L’amour que les Japonais montrent pour la nature est bien justifié par la beauté de la contrée qu’ils habitent, et dont les voyageurs s’accordent à vanter les aspects pittoresques, la riche végétation, et l’éclatante lumière. Couverte de neiges éternelles, la cime du Fousi-Yama, qui domine de haut la baie de Yeddo, ajoute au charme de ces riantes campagnes son imposante majesté. Bien plus encore que les Chinois, les japonais ont le goût des fleurs et des plantes, et leur habileté horticole vient en aide à la richesse de la flore locale pour parer leurs jardins et leurs demeures. Mais leur organisation plus fine les a préservés des bizarreries que nous avons dû signaler chez leurs devanciers. Comme ceux-ci d’ailleurs, ils ont excellé dans les applications les plus diverses de l’art industriel. Sans doute, ils se bornèrent d’abord à copier les modèles qu’ils avaient sous les yeux. Nous citerions, au besoin, comme preuves de ces pastiches, les paysages compliqués dont sont ornées leurs plus anciennes porcelaines, et qui reproduisent ces amoncellemens de rochers aux formes étranges, superposés dans un équilibre aventureux, tels à peu près qu’on les retrouve chez les maîtres primitifs de l’Italie, de l’Allemagne ou des Pays-Bas. Mais les Japonais, en se dégageant de cette imitation servile, ont su trouver une expression d’art plus personnelle. Moins scrupuleux que les Chinois, ils ne s’attachent pas comme eux à reproduire minutieusement la nature jusque dans ses moindres détails. Leur interprétation plus libre laisse plus de part à l’imagination et à la pensée. La simplicité, la franchise du parti décoratif dénotent aussi chez eux des qualités de goût et d’observation tout à fait remarquables, et qui se manifestent également dans leur dessin et dans l’harmonie de leur coloris.

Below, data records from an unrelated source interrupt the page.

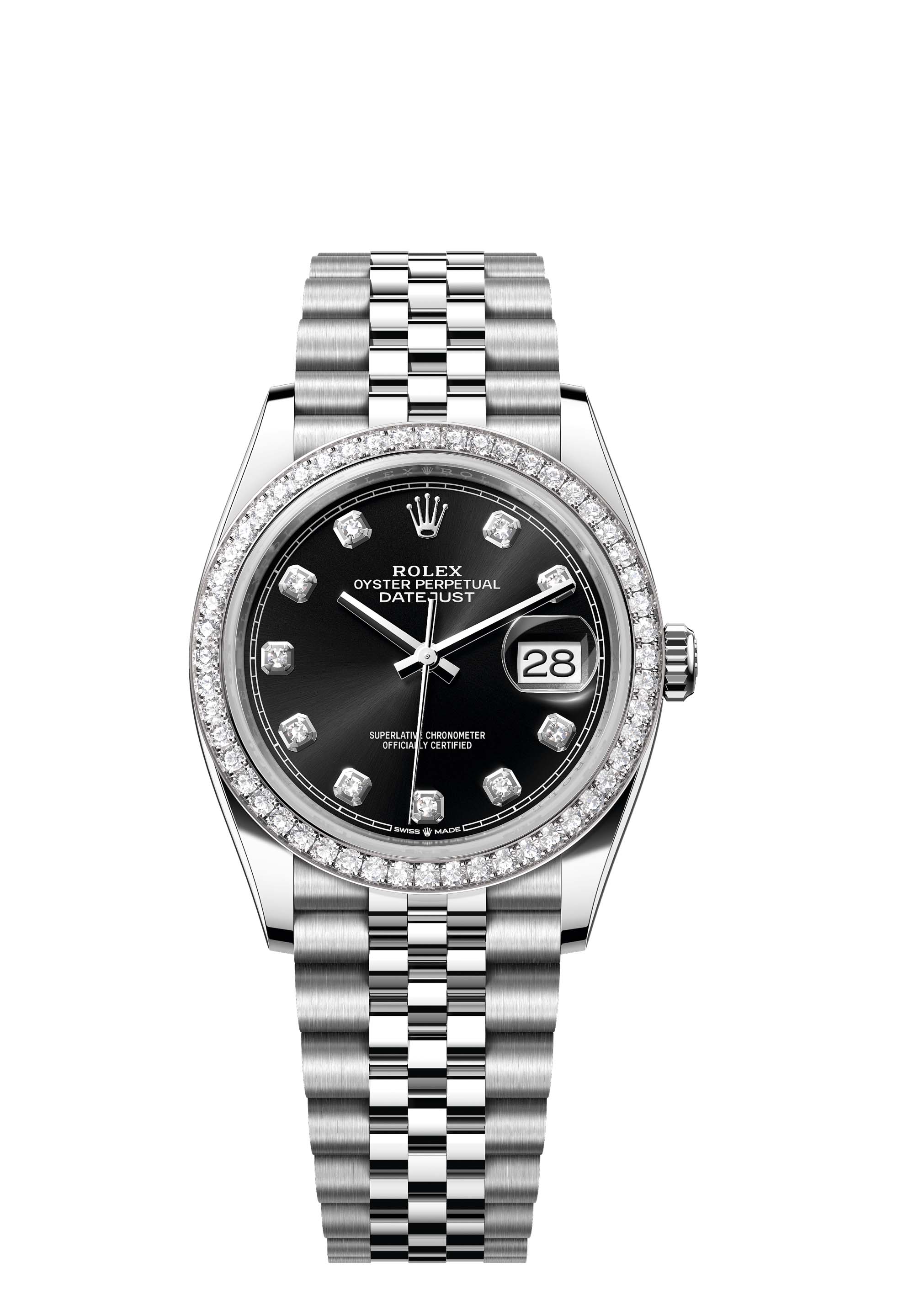 This Oyster Perpetual Datejust 36 in Oystersteel and white gold features a bright black, diamond-set dial and a Jubilee bracelet.
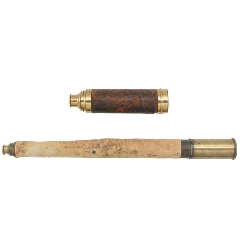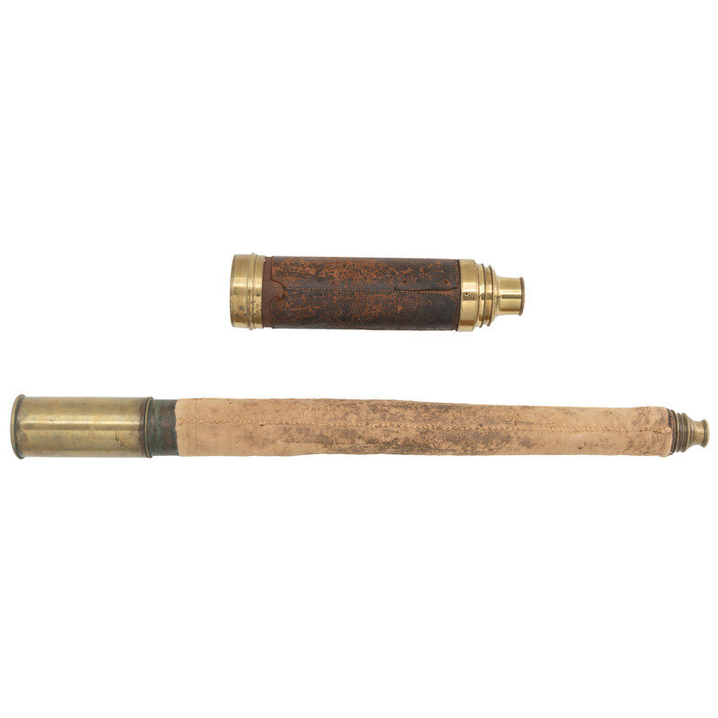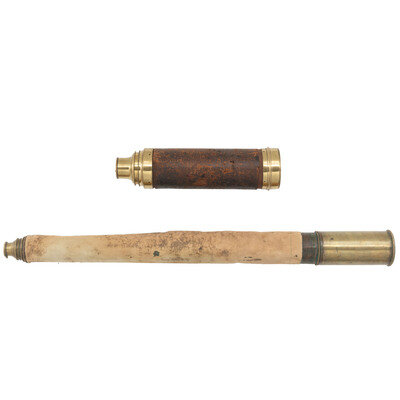 1.) 18" long at full extension. 3.125" diameter. Brass and wood spyglass with leather wrappedgrip engraved with the maker markings E. & G.W. Blunt/New York./Night Glass. in addition to U. S. Navy property marking. Objective lens is cracked in two directions.
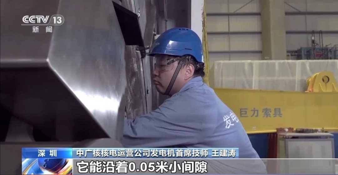中广核核电运营公司发电机首席技师王建涛:发电机抽转子检修是发电机检修中风险最高、工期最长、投入人员最多的工作,要花三四十人连续工作十几个小时,稍微一碰撞造成的经济损失达几亿。小小的机器人可以像孙悟空变成小人一样,它能沿着0.05米小间隙进入发电机完成各种检修和实验,节约大量的检修时间,5个人把工作干完,节约大量的人力。这种智能化的检修方式,无疑将推动核电产业向更高效、更安全的方向发展。
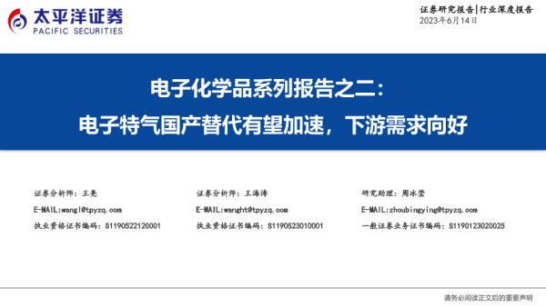【太平洋证券】【20230614】电子化学品系列报告之二:电子特气国产替代有望加速-下游需求向好-80页
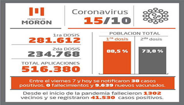 Desde el último viernes a la noche se registraron 38 casos positivos de coronavirus entre la población del distrito, que llevan el número de confirmados a 41.530; mientras que las altas médicas sumaron 35 personas y alcanzaron las 40.385 desde el inicio de la pandemia. En las últimas dos semanas no se registraron fallecimientos, por lo que actualmente los moronenses que murieron como consecuencia del Covid-19 son 1.302.
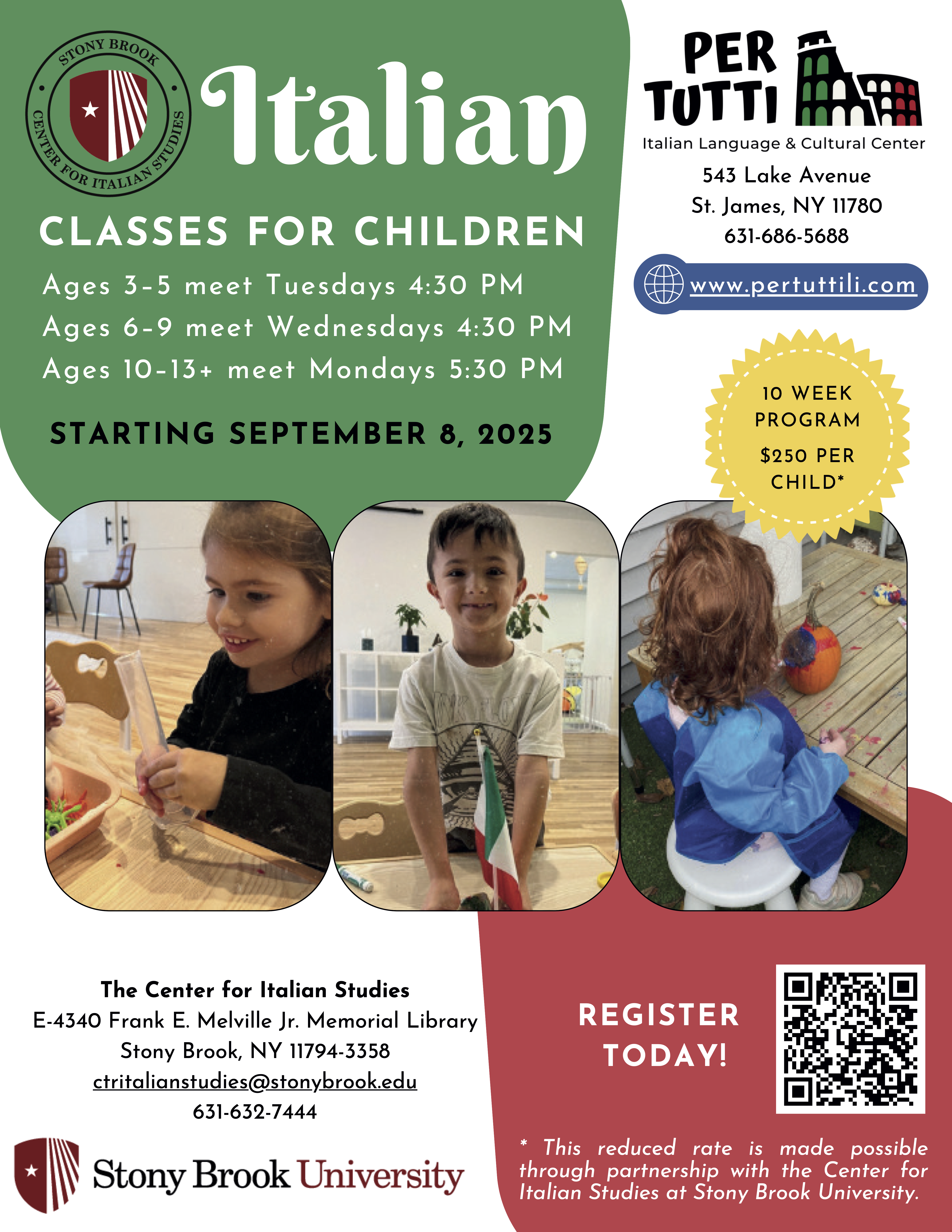 For additional information, please call us at (631) 632-7444 or email ctritalianstudies@stonybrook.edu.
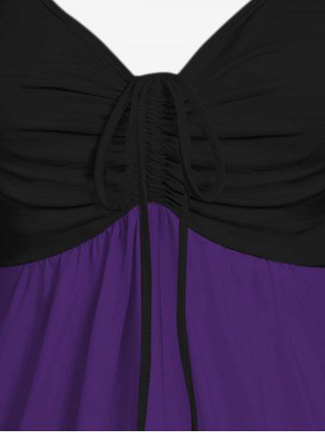 Plus Size Ruched Cinched Two Tone Tank Top - Concord - 4x
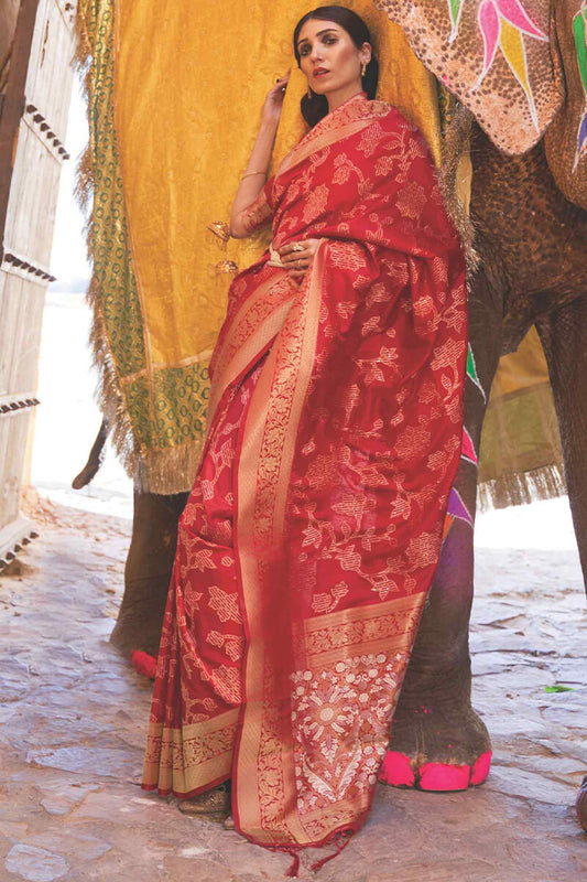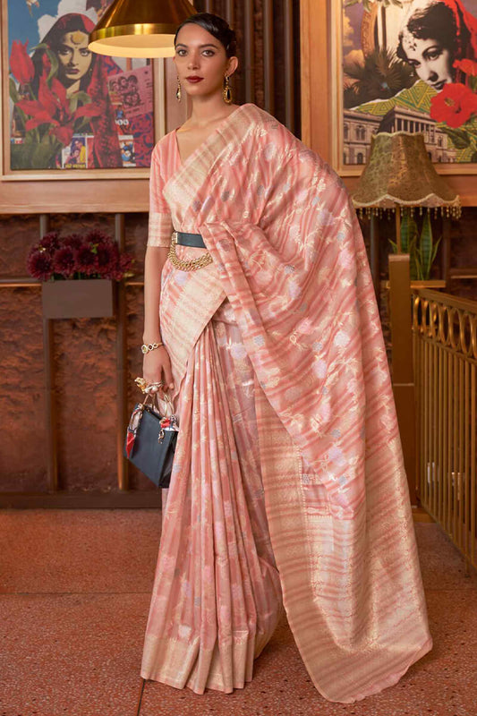 Warm Pink Banarasi Silk Saree With Sequence Work
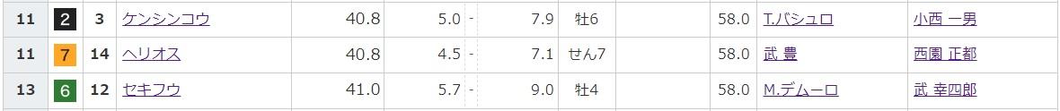 こちらもテイエムは消えたものの、メイショウが3着なので、一応頭に残します。

La répartition des masses indique à la fois une intelligence très nette de l’ensemble et un choix heureux des détails les plus significatifs. Bien qu’elle soit toujours très caractéristique, la silhouette de leurs compositions n’est cependant pas celle dont s’aviserait tout d’abord un décorateur élevé dans les traditions de notre art occidental. Elle offre, avec ses raccourcis audacieux ou ses brusques accens, je ne sais quelle grâce piquante et imprévue. Ces croquis à la fois très précis et pleins de sous-entendus, semblent, dans leur tour élégant, faire appel à notre collaboration : ils nous laissent le soin d’achever tout ce qu’ils ne finissent pas. Arrêtés et très fermes dans les contours les plus significatifs, ils n’insistent que sur ce qui est essentiel, et, sans se croire tenus de tout dire, ils ont le charme de ces confidences intimes qui n’ont pas besoin d’être complétées jusqu’au bout pour nous révéler un état d’âme très particulier. C’est telle attitude, telle intention fugitive d’une physionomie ou d’un mouvement où se montre un sens pénétrant de la vie et de ses acceptions les plus délicates ; c’est la courbe gracieusement infléchie d’une branche ; c’est un oiseau qui incline à peine la tige flexible sur laquelle il se balance, ou encore un vol de papillons qui folâtrent gaîment autour d’une fleur. Tous ces menus détails sont exprimés avec la légèreté spirituelle du pinceau ou de la plume de roseau qui les a prestement enlevés et dont l’abandon prête un charme de plus à leur image. Nous avons pu nous convaincre de la facilité, toute spontanée en quelque sorte, de cette exécution en voyant, à l’exposition universelle de 1878, de très jeunes Japonais, presque des enfans, improviser, sous les yeux mêmes des visiteurs et avec une virtuosité merveilleuse, quelques-uns de ces croquis où respire un sentiment si vif des vrais principes de l’art décoratif.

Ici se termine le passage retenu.